Mapping of reducer capability flags.

Return type:

dict

Notes

The default capabilities describe a typical estimator consuming (samples, features) input and exposing transform.

_attribute_dict(obj: Any, attrs: Iterable[str]) Dict[str, Any][source]

Extract requested attributes from a target object into a dictionary.

This helper filters missing attributes and swallows common access errors (such as deferred scikit-learn properties) to return only what is currently available on the target.

Parameters:
  • obj (Any) – Target object to inspect.

  • attrs (iterable of str) – Attribute names to attempt to extract.

Returns:

Mapping of available attribute names to their values.

Return type:

dict

get_diagnostics() Dict[str, Any][source]

Return diagnostic arrays or structured artifacts.

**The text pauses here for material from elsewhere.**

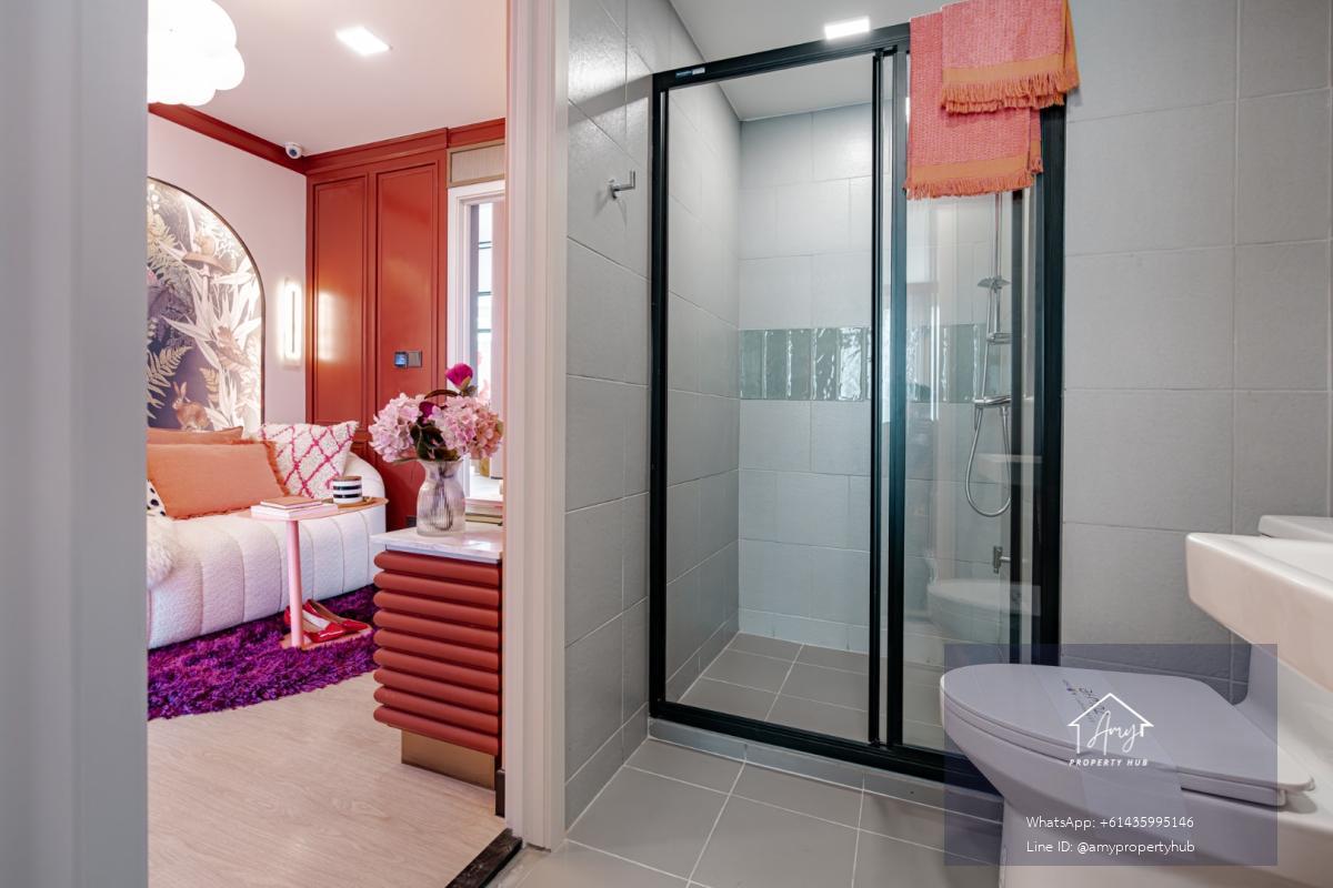 พื้นที่ใช้สอย: 26.30 ตร.ม. – 27.80 ตร.ม. (ห้องขนาดกลาง)

Diagnostics are intended for non-scalar outputs such as explained variance curves, eigenvalues, modes, graphs, or training histories. Only names declared in capabilities[“supported_diagnostics”] are queried.

Returns:

diagnostics – Dictionary of diagnostic attributes declared in capabilities[“supported_diagnostics”].

Return type:

dict

Raises:

RuntimeError – If the reducer has not been fitted.

get_quality_metadata() Dict[str, Any][source]

Return scalar metadata about the reduction process or quality.

Typical examples include iteration counts, optimization stress, final loss values, or backend-specific convergence flags. Only names declared in capabilities[“supported_metadata”] are queried.

Returns:

metadata – Dictionary containing only scalar values corresponding to keys declared in capabilities[“supported_metadata”].

Return type:

dict

Raises:

RuntimeError – If the reducer has not been fitted.

get_components() numpy.ndarray[source]

Return reducer-defined component-like outputs.

Returns:

Reducer-defined component array.

Return type:

np.ndarray

Raises:

ValueError – If the reducer does not expose public components.

classmethod load(filepath: str | os.PathLike) BaseReducer[source]

Load a reducer from a file.

Parameters:

filepath (str or Path) – Path to the file to load.

Returns:

reducer – The loaded reducer instance.

Return type:

BaseReducer

Notes

This method assumes the reducer was serialized with save or a compatible joblib.dump call.